It has ben many years since my last post here, I guess some 20 years, I am now retired an have some more time to my Hobby.
I am working on this CFP, which causes me som troubles.
I would be wery thankful if any of you could give me a hint to solve my little problem.
I have attached files to give you an idea of my project.
Micro-Cap schematic:View attachment 1115526
Kicad schematic:View attachment 1115527
KiCad pcbView attachment 1115528
KiCad 3DView attachment 1115529
Pcb under testView attachment 1115530
Test setup:View attachment 1115533
Here is the problem:
1. When I power up the amp without speaker connected all is fine and dc off set at the output terminals is 70mV. After powering up I can connect the speaker and hear some music.
2. Powering up with the speaker connetcted causes the amp to draw a lot of current, and I have 6V on the terminals.
3. Powering up with a cap in series with the speaker, all is fine and I have music in the speaker.
4. Powering up with an 120 ohm resistor in series with the speaker also does the trick, with les music volume of cause.

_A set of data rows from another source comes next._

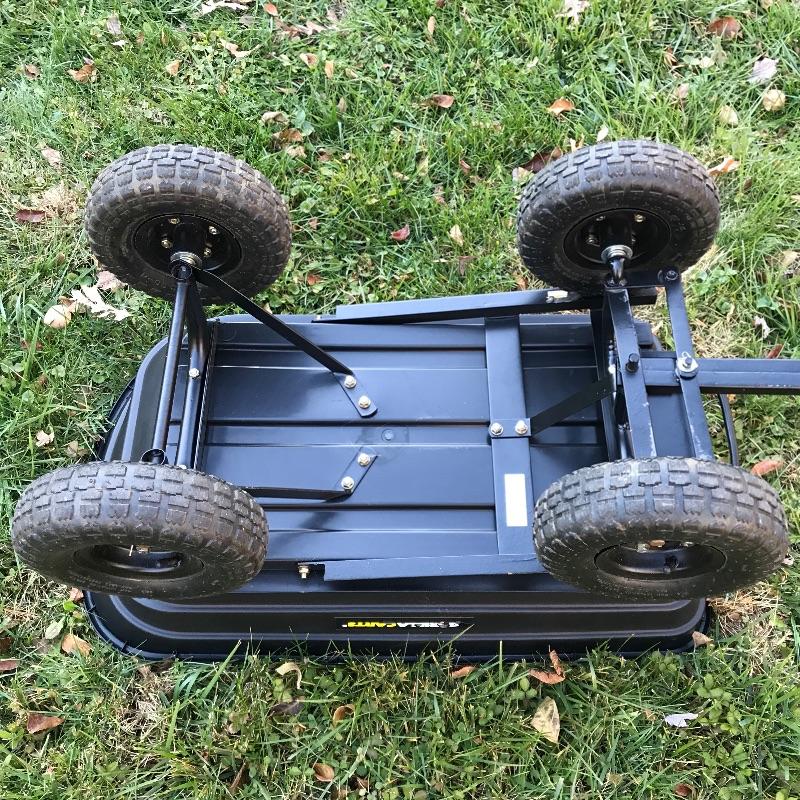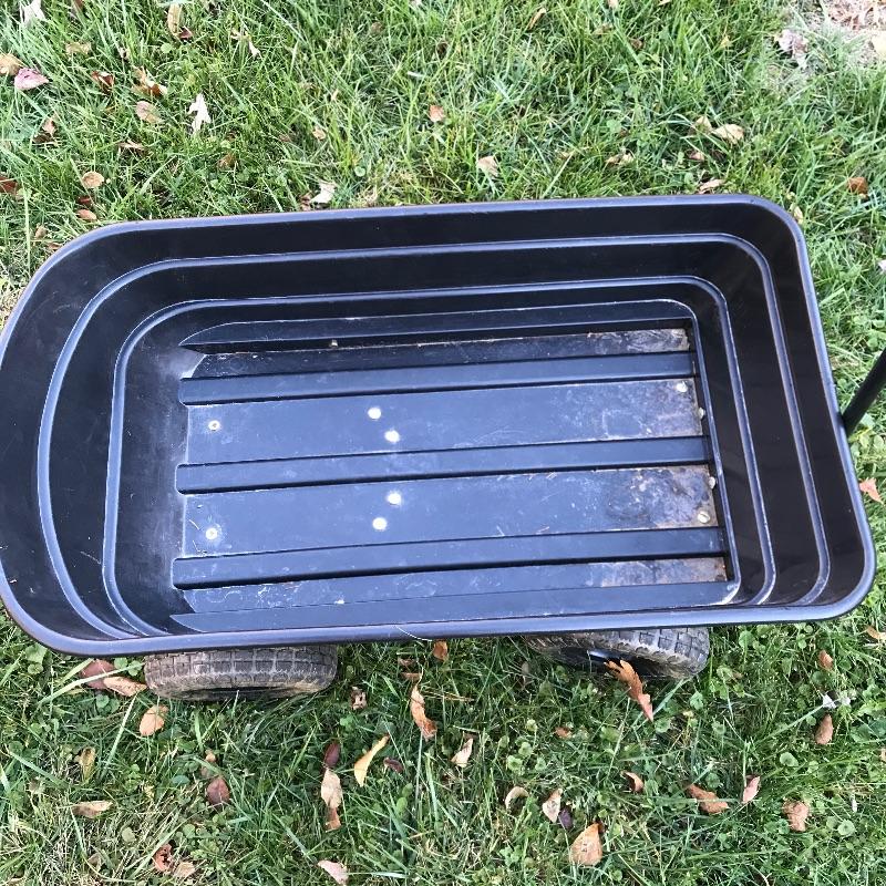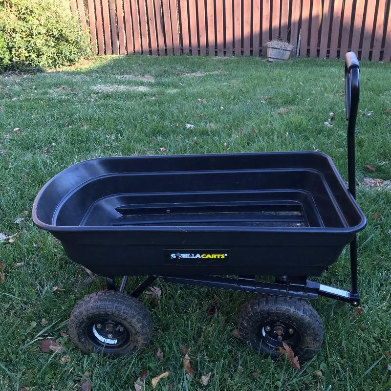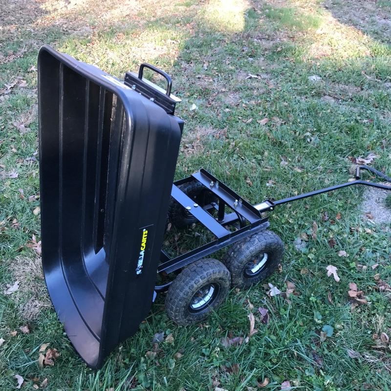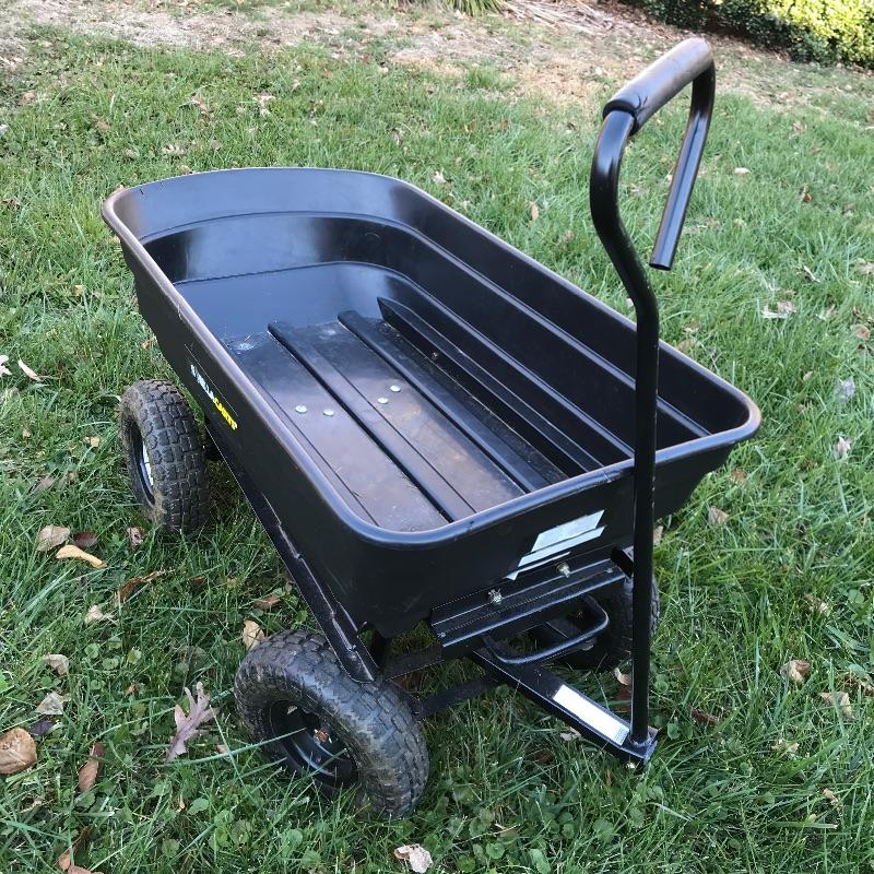 Super handy yard tool here with this Gorilla Garden Dump Cart GOR200B which features a dumping feature for quick unloading. Basin is a rust free heavy duty plastic and steel frame holds steady when maneuvering through the yard. Cart measures approximately 36.5” x 20” x 20”. Cart rolls and maneuvers easily, dump features works well. See photos. No shipping.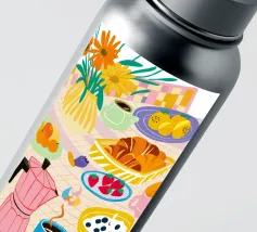 Stickers en film PP/PET avec laminage de protection et différentes structures de surface.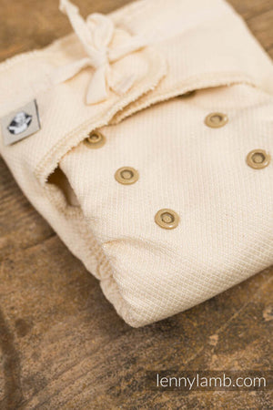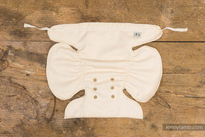 Før Bruk: Før den første vasken anbefales det å bløtlegge bleien over natten i varmt vann med oppvask såpe for å fremskynde prosessen med å skylle ut oljene i bomullen. Bomull er en naturlig fiber som trenger 5 til 9 vaskinger for å bli fullstendig absorberende. Bleien kan brukes etter den første vasken, men husk å skifte den oftere i begynnelsen.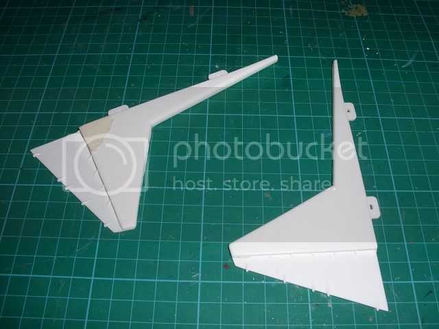 Wings are together. I painted the insides mat white to prevent any bare plastic being seen when complete. I think the ram-jet engines are supposed to be here given the large outlets at the rear and intakes in the leading edge. I would have preferred to paint the whole area black, including the upper surfaces of the rear wing, but the studio builders chose an allover white scheme. Maybe on another one...

I really would appreciate som help, please!
Henrik
You have no current mirror at R1, and current source at Q10. that means at power up, Q10 comes on before the IPS gets Q1 going. This creates a huge negative voltage startup thump, which exceeds the Vbe limit of Q6. Note the reference designators do not match so I will use the Kicad.
I suggest
1. Clamping diodes on C7 so that the feedback divider also reduces any DC feedback.
2. A current mirror so that Q1 starts sooner and does not wait for the IPS to reach full current.

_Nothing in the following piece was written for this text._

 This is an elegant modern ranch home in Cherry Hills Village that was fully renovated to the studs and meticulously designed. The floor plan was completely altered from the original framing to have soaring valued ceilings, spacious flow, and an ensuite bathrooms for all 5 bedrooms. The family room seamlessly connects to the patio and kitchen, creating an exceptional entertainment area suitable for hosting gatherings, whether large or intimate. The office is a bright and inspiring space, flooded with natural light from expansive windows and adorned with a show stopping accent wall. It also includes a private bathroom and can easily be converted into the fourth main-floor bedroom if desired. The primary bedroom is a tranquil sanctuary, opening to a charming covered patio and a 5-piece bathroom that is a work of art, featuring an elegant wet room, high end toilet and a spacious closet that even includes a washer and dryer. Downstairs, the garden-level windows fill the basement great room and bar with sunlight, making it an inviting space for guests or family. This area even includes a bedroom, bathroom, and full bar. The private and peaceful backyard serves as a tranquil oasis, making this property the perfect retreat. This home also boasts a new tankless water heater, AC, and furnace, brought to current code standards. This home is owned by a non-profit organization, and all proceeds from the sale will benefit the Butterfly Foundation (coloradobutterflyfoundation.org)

3. And/or you could slow down the startup of current source Q10 with a large cap on the base of Q10.
But why a load makes any difference, I dunno. Maybe there is a grounding problem.
In a few cases I have been able to localize the oscillation by touching different points on the PCB while watching the scope. It's a very high frequency, so I'm thinking a local loop, a global loop usually oscillates on a lower frequency.

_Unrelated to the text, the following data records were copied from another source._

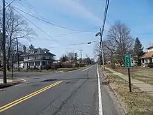 Upon crossing the Pennsauken Creek, CR 543 enters Palmyra in Burlington County and immediately comes to an interchange with Route 73. The route intersects CR 601 and turns northwest onto Public Road, passing residential and industrial areas. CR 543 crosses the River Line and immediately turns northeast onto Broad Street. Broad Street continues southwest from here towards Route 73 and is signed as a portion of CR 543. The mainline of CR 543 passes homes, running immediately north of the railroad tracks. The road enters the commercial downtown of Palmyra and crosses CR 607 near the Palmyra Station of the River Line before reaching the CR 602 junction. The route gains a center left-turn lane and enters residential areas again and crosses into Riverton at the Elm Avenue intersection, coming to the CR 603 junction near the Riverton Station. After crossing the Pomeston Creek, CR 543 enters Cinnaminson Township and becomes Saint Mihiel Drive, running through residential and industrial areas, passing the Cinnaminson Station. The road passes more industry as a four-lane undivided road, continuing into Delran Township, where it passes a marina to the north. The route passes some homes and businesses before entering Riverside Township at the CR 604 intersection. In Riverside Township, the route passes more commercial developments, becoming Lafayette Avenue at the Fairview Street intersection, which narrows to two lanes. CR 543 turns north onto Pavilion Avenue near the Riverside Station and passes through residential and commercial areas.[1][2]
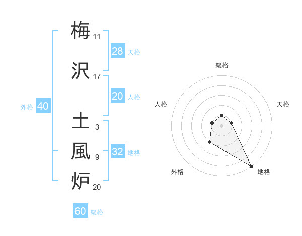 梅沢 土風炉さんの総格は60画の1点!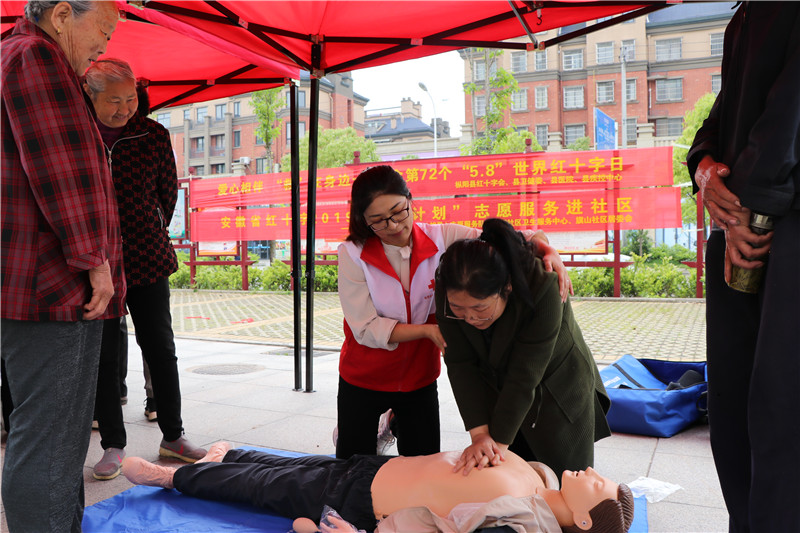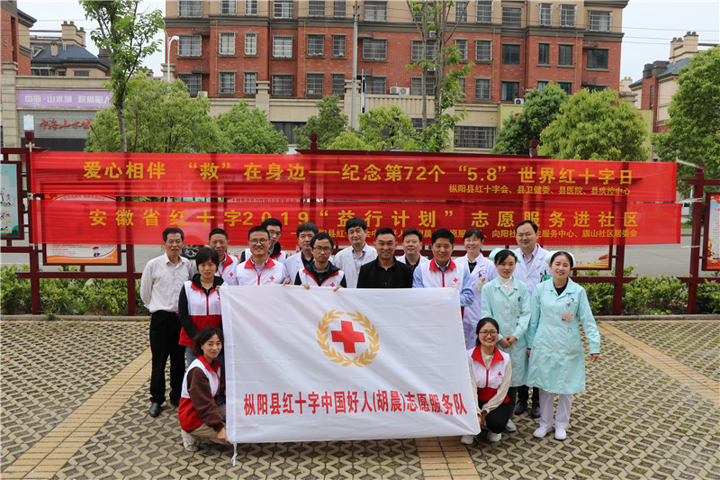 2019年5月8日上午,枞阳县红十字会联合县卫健委、县医院、县疾控中心、向阳社区卫生服务中心、旗山社区居委会等多家单位在旗山社区居委会门口举行以“爱心相伴,‘救’在身边”为主题的纪念第72个“5.8”世界红十字日宣传义诊活动。活动以宣传普及《中华人民共和国红十字会法》和红十字运动基本知识、“三献知识”和开展应急救护培训、无偿献血、健康义诊、健康咨询为主。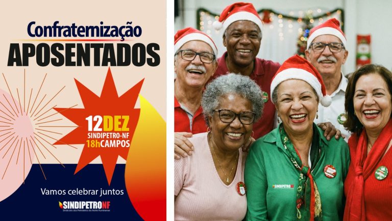 Os aposentados e pensionistas do Sindipetro-NF já têm data marcada para celebrar mais um ano de história, luta e união. A tradicional confraternização de fim de ano da categoria acontece no dia 12 de dezembro de 2025, às 18h, na sede do Sindicato em Campos.
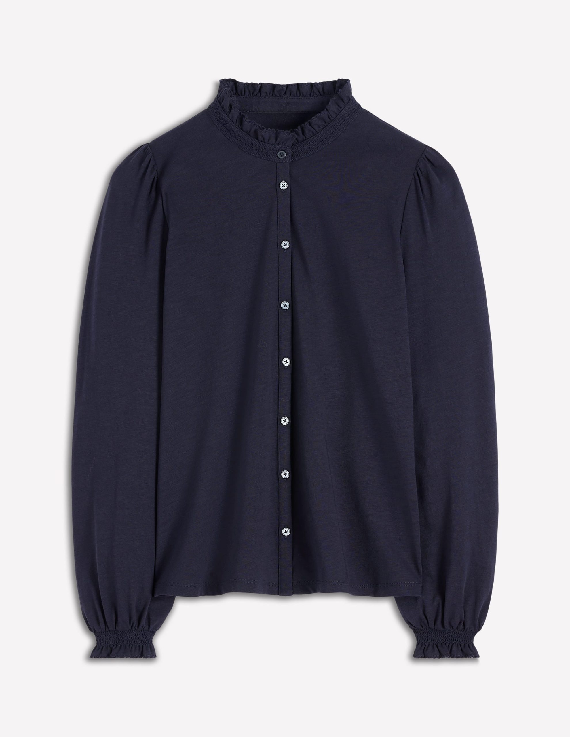 Effie Smocked Detail Shirt-Navy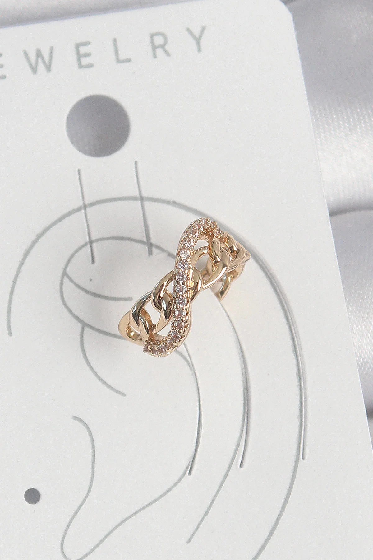 Pirinç Gold Renk Zirkon Taşlı Sonsuzluk Zincir Model Kadın Kıkırdak Küpe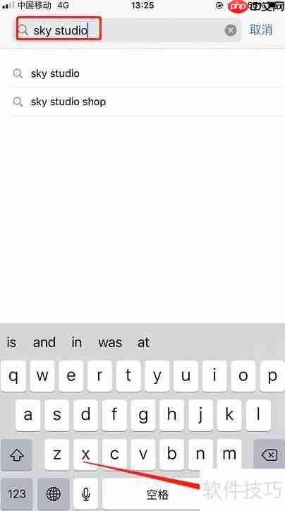 3、 在搜索栏中键入“sky studio”,随后点击键盘右下角的搜索图标开始查找。

Many of the schematics don't seem to show 0.1uF supply bypass caps (as seen in post #37).
Make sure they are there in your breadboard. And check the rails for presence of the oscillation--- should be very small, i.e. suppressed, small re 430mV shown in #43. Their leads should be short, near the output transistors.
Make sure they are there in your breadboard. And check the rails for presence of the oscillation--- should be very small, i.e. suppressed, small re 430mV shown in #43. Their leads should be short, near the output transistors.
I had one channel up and running with around 150mV 2MHz oscillation, and then something went wrong and the amp had a asymmetrical current draw. so back to square one. Then I populated a new pcb, and unfortunately I got the same asymmetrical current draw. So I have decided to populate a new pcb in stages covering:
1: LTP
2: LTP + VAS CCS with load resistor
3: LTP + VAS CCS with upper BJT
4: LTP + VAS CCS with upper BJT and bias spread.
5: LTP + VAS + Drivers
6: Full amp
I have attached a pdf with the stages.
I will then measure and analyse the circuit in these stages to hopefully find the error(s).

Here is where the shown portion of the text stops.